DATA BELOW
-- Opening Marker --
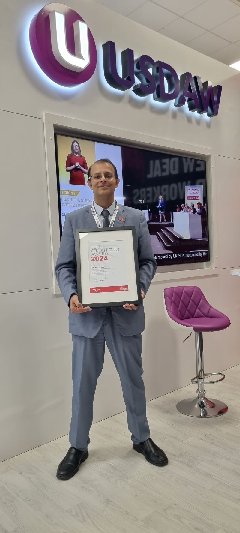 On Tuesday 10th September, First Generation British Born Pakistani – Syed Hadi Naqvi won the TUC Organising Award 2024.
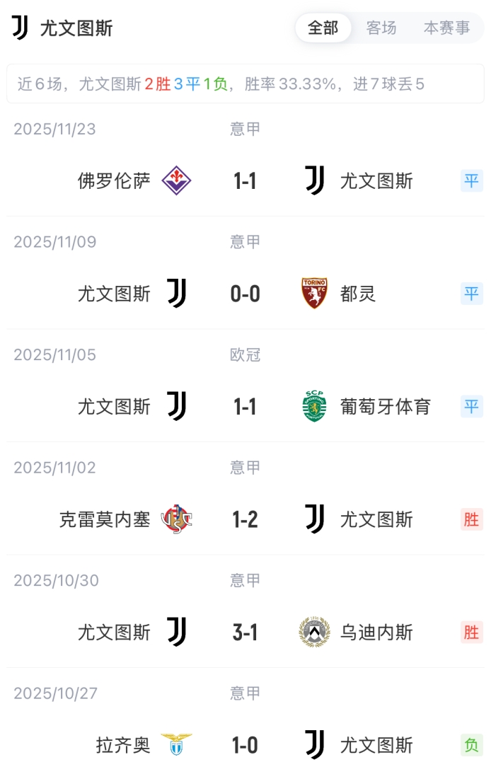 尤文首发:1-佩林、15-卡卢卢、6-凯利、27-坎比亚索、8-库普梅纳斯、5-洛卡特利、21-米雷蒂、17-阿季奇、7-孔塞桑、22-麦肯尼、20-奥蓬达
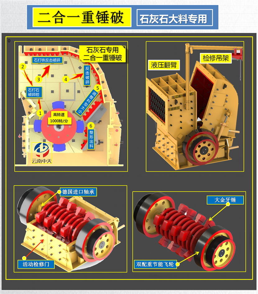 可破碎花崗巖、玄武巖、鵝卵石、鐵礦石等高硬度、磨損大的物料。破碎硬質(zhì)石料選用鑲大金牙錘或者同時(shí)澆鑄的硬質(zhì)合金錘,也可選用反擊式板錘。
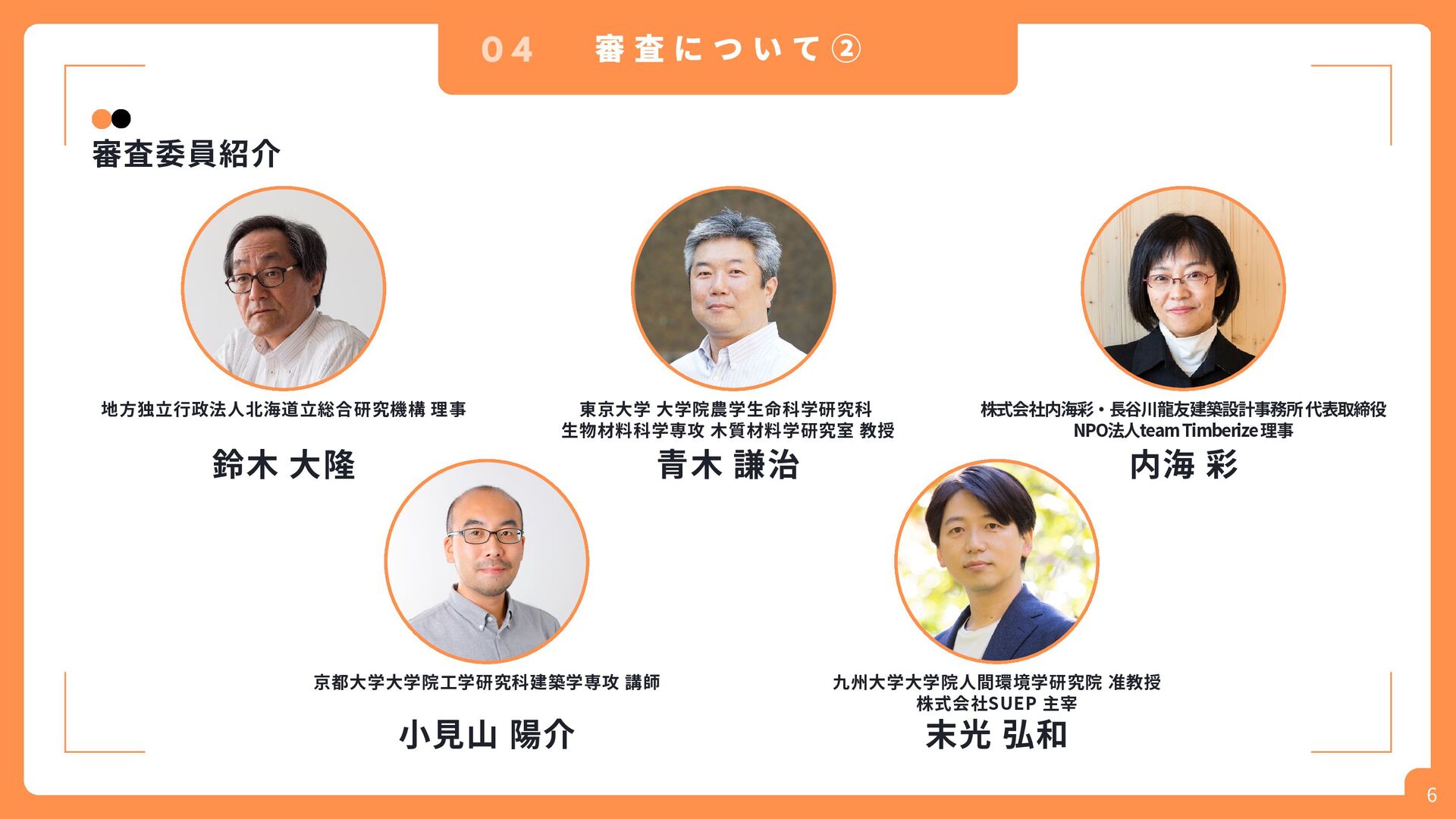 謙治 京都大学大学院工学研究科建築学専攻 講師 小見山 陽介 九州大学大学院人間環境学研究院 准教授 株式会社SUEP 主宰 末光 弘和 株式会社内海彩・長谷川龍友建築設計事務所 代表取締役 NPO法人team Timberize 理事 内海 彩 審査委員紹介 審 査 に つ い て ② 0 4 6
-- Closing Marker --
DIRECTIONS FOR THIS TASK
Look above for the line with "尤文首发:1-佩林、15-卡" and the line with "可破碎花崗巖、玄武巖、鵝卵石". Output those two and everything between them exactly, pictures excluded.

PROBLEM SOLUTION
 尤文首发:1-佩林、15-卡卢卢、6-凯利、27-坎比亚索、8-库普梅纳斯、5-洛卡特利、21-米雷蒂、17-阿季奇、7-孔塞桑、22-麦肯尼、20-奥蓬达
 可破碎花崗巖、玄武巖、鵝卵石、鐵礦石等高硬度、磨損大的物料。破碎硬質(zhì)石料選用鑲大金牙錘或者同時(shí)澆鑄的硬質(zhì)合金錘,也可選用反擊式板錘。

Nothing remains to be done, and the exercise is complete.